Segment Start: MATERIAL FOR THIS TASK

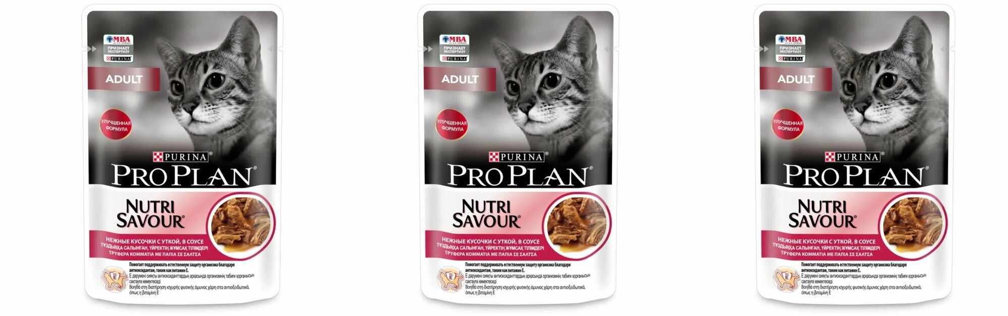 Купить Pro Plan влажный корм для взрослых кошек, нежные кусочки с уткой, в соусе, 85 г, 3 шт
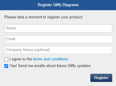 Gliffy Diagrams를 실행시켜보면 다음과 같이 최초 등록 창이 뜬다.
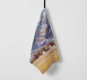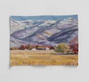 Maestose montagne innevate si ergono su una valle tranquilla e invernale; la luce nitida e la fresca tavolozza di bianchi, blu e gialli pallidi catturano la bellezza silenziosa e serena del paesaggio alpino.
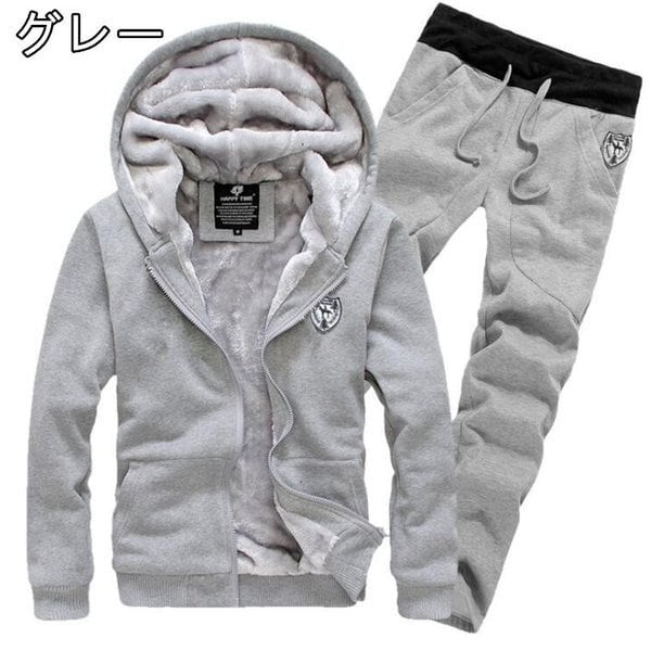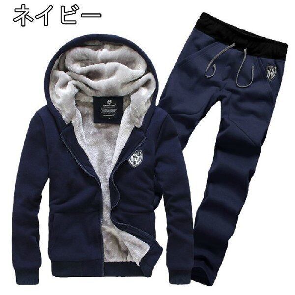★商品名:セットアップ メンズ 長袖 スウェット パーカー フード付き 裏起毛 裏ボア 上下セット
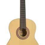 Guitarra acústica con cuerpo de linden laminado, aros y fondo de linden laminado, puente de palo de rosa, brazo de maple, alma totalmente ajustable, cejuela deébano, diapasón de maple, maquinaria cromada, cuerdas de nylon, escala 650 mm, 19 trastes, incluye funda de transporte, afinador de silbato y plumillas.
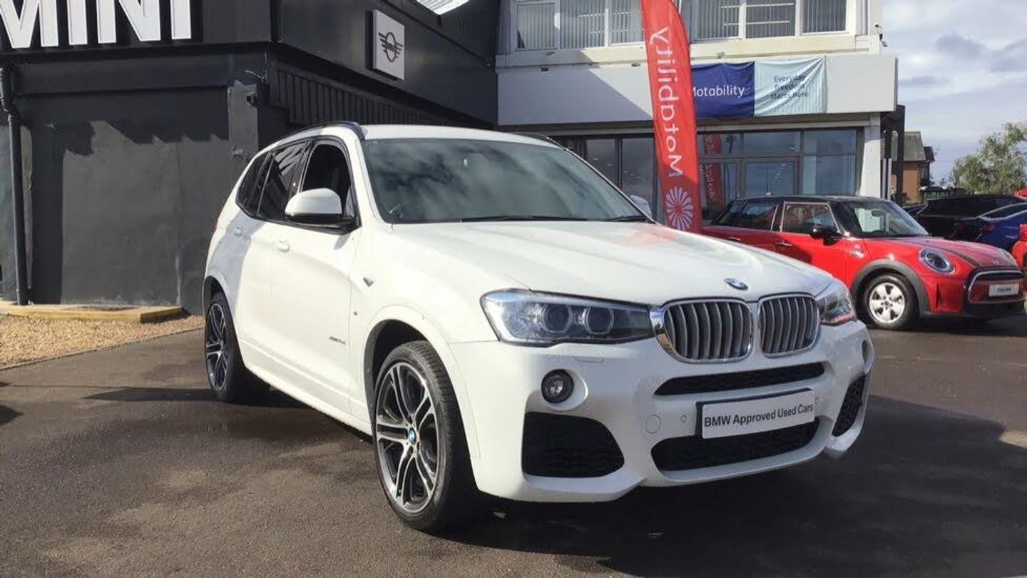 FREE NATIONWIDE DELIVERY-A stunning X3 xDrive35d M Sport comes with ls, Servotronic Steering, M Sport Pro Pack and Media package - Professional...is presented in Alpine White with Black Nevada leatherSome further advantages when choosing Snows IOW for your next BMW:As a BMW Approved Used Car, you will receive the following:- FREE Nationwide Home Delivery- Full Pre-Sale Health Check by a BMW Technician- New MOT- MOT Cover (BMW will cover potential repair costs at next year’s MOT*)- 12 Months BMW Nationwide Warranty- 12 Months BMW Roadside Assistance- Guaranteed Full Service History with all BMW Approved Used Cars- Live Video Tours available on request- Pre/Post Handover Virtual Appointment via video link with a dedicated member of our Snows BMW team- Access to the BMW Financial Services**- Expert advice throughout the ownership of your vehicle via telephone, video link, or email with our dedicated BMW teamFor an informal chat, to book a virtual appointment, or to place an order, you can call 01983 522 555 or visit www.snows.co.uk Sport Automatic Transmission with Gearsh, Performance Control, Variable Sport Steering, Sport suspension, Multifunction Controls on Steering Wheel, Run-flat Tyres, High-gloss Shadowline Roof Rails, Alarm System, Tailgate operation. automatic, Brushed Aluminium Trim, Instrument panel embellishers. black, Rear-view Mirror with Auto dimming, Sport seats, Heated front seats, Park Distance Control front and rear, Front Foglights, Auto headlights with rain sensor, Automatic Air Conditioning, Cruise Control, Additional Interior Lighting, BMW Emergency Call, BMW TeleServices, BMW Online Services, Real Time Traffic Information, Bluetooth hands-free with USB audio, DAB Radio, M Sport Exterior Styling, High-gloss Shadowline Exterior Trim, Anthracite Headlining, M Sport Package, M Sport Package, 20 inch M Double-spoke 310M wheels, Servotronic Steering, Sun Protection Glass, Headlight Washer, Xenon Headlights, Remote Services, Online Entertainment, Navigation system-BMW Professional Mult, harman kardon loudspeaker system, M Sport Pro Pack, Media package - Professional. White Full service history 5 seats.

Segment End: MATERIAL FOR THIS TASK

Among the entries above, copy exactly the stretch from the line holding "裏起毛 裏ボア 上下セット" through the line holding "Guitarra acústica con", leaving out any pictures.

★商品名:セットアップ メンズ 長袖 スウェット パーカー フード付き 裏起毛 裏ボア 上下セット
 Guitarra acústica con cuerpo de linden laminado, aros y fondo de linden laminado, puente de palo de rosa, brazo de maple, alma totalmente ajustable, cejuela deébano, diapasón de maple, maquinaria cromada, cuerdas de nylon, escala 650 mm, 19 trastes, incluye funda de transporte, afinador de silbato y plumillas.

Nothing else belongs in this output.